Other responders have identified the cause of your problem so I won't reiterate that. However, your requirement is a common pattern in VBA/Word, namely find something then do something as a consequence of the find (other than a replace). I generally wrap this pattern in a function or sub depending upon what action is required once the find text has been found..

If you haven't used a scripting.dictionary before than I would use early binding (as in the code below) so that you get access to intellisense for the methods and properties. This means using Tools.Reference to add the Microsoft Scripting.Runtime library to the VBIDE.

You'll see that we recalculate the end of the document each time we run through the While loop. This is good practise because we don't know in advance the impact that the find actions will have on the length of the document.

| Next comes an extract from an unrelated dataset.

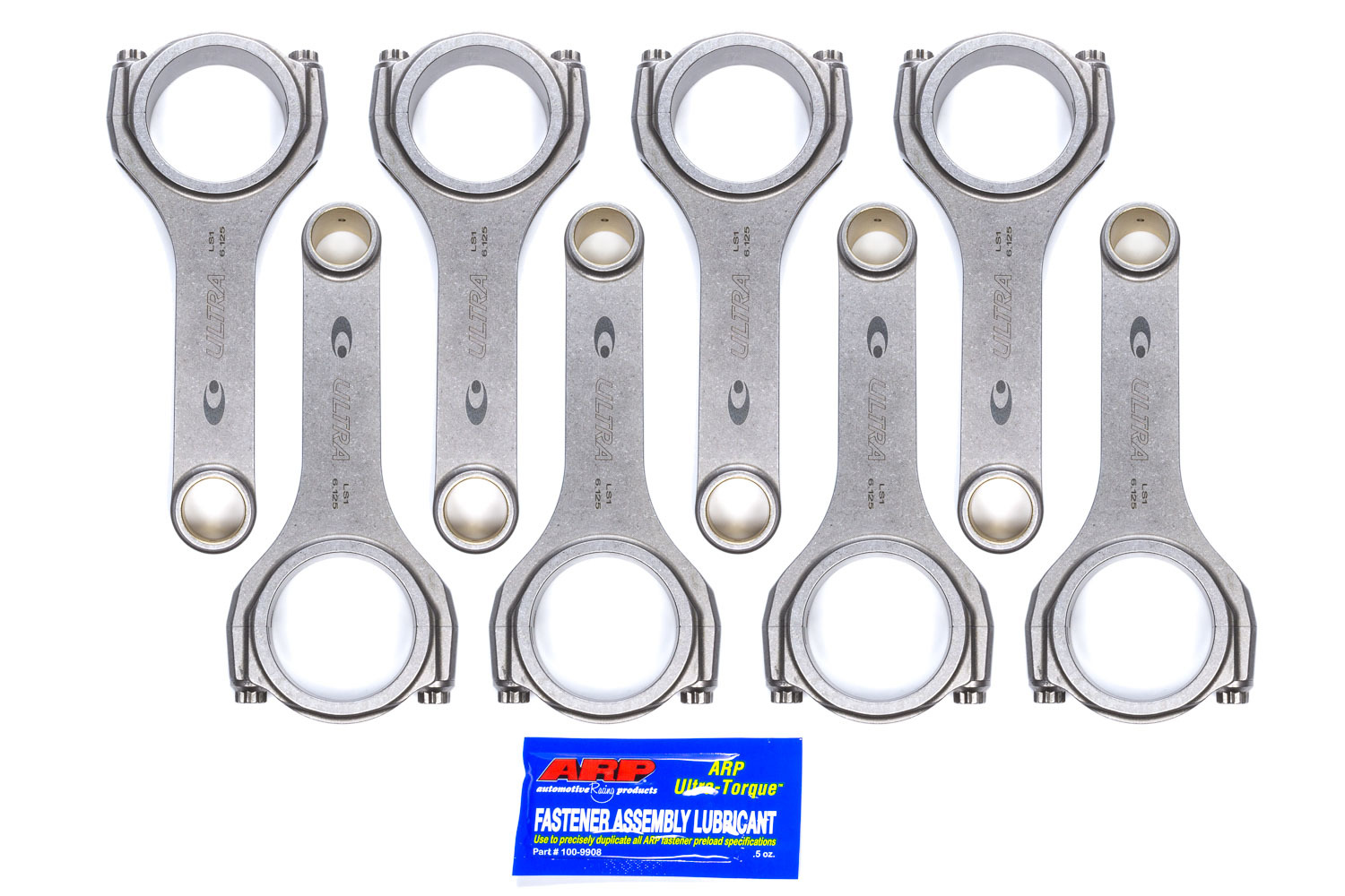 Connecting Rod - Ultra H-Beam - H Beam - 6.125 in Long - Bushed - 7/16 in Cap Screws - ARPL19 Bolt - Forged - Steel - GM LS-Series - Set of 8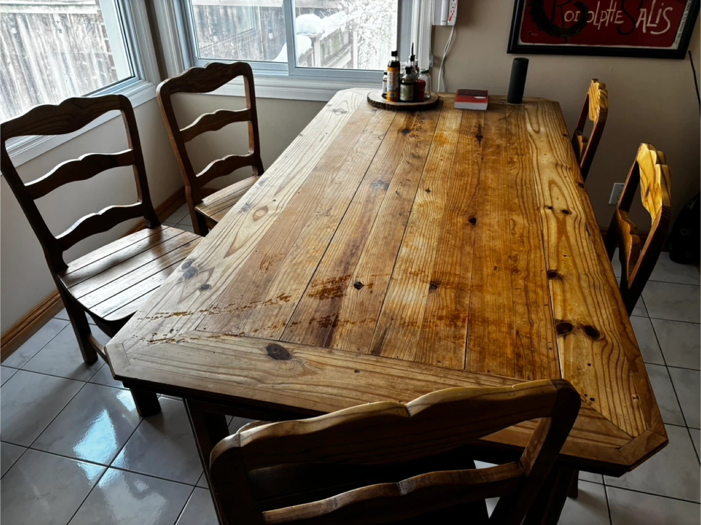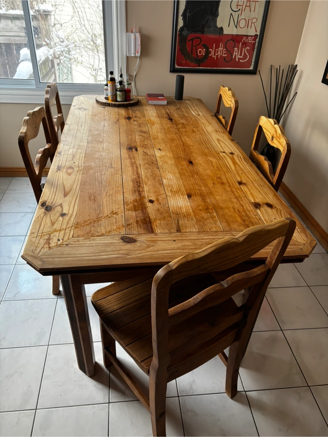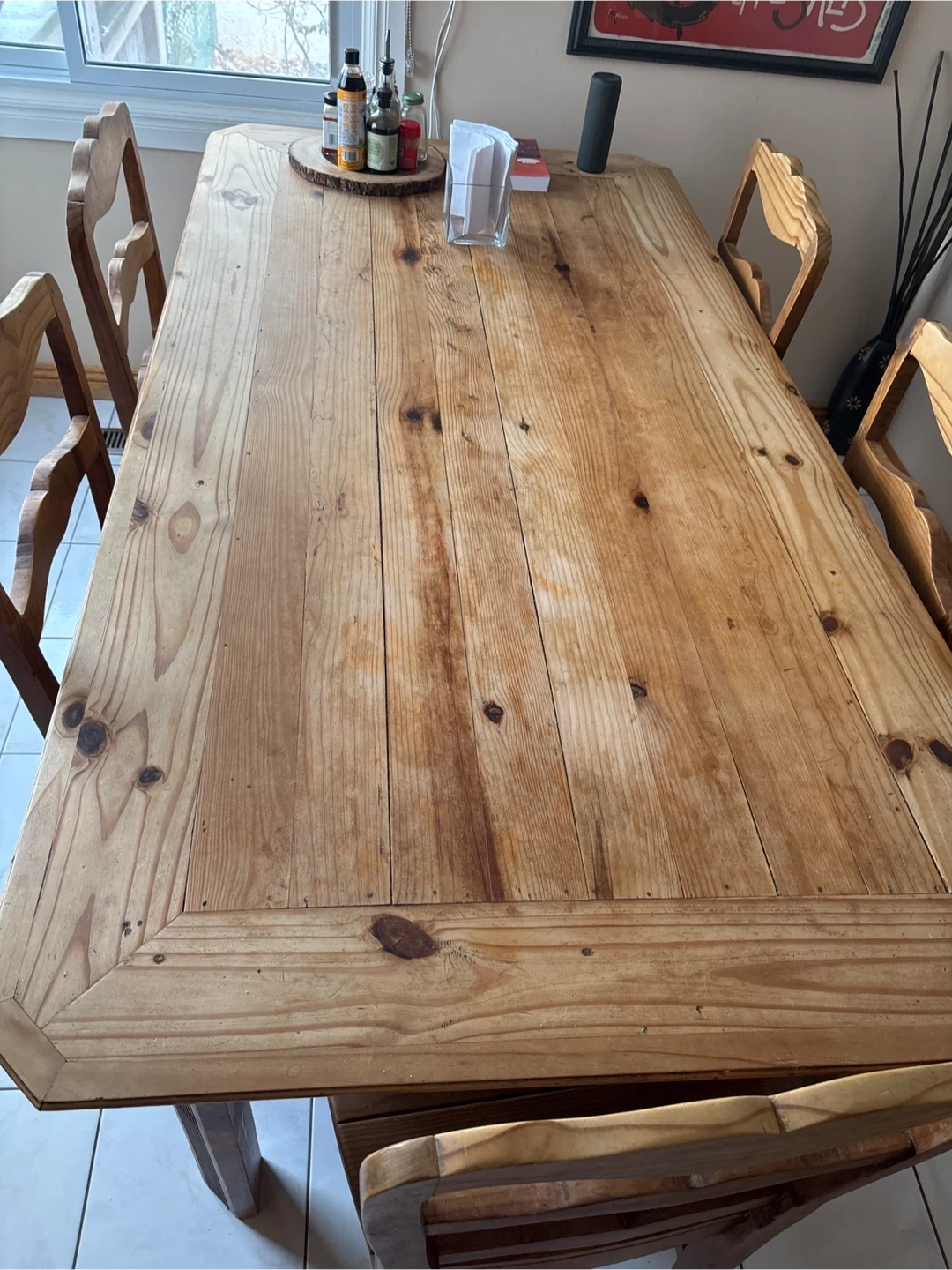 Solid (one piece) thick pine dining table that comes with 6 matching chairs. I bought it for my old house and it is too big for the kitchen in my current house. My friend is giving me her round glass table which would fit better here and I want to sell this to finance getting matching chairs. Original price tag was over $3000. I'm hoping to sell it quickly.

The DoEvents in the While loop ensures that you can quickly break out of the loop if things go wrong.

The function below uses a Word wildcard search to search for email addresses. The find is precise so there is no need to adjust the ends of the found range to get only the email address.

If the action in the found do loop was complicated then I would break this out to a separate function passing the found range to the function as .Duplicate. In this particular case that would also mean that I would move the scripting dictionary from a local variable to a module scope variable

Public Function GetEmailAddressesAsString(ByVal ipDoc As Word.Document) As String

    Const EmailAddress As String = "<[0-9A-Za-z._]{1,}\@[0-9A-Za-z.\_]{1,}>"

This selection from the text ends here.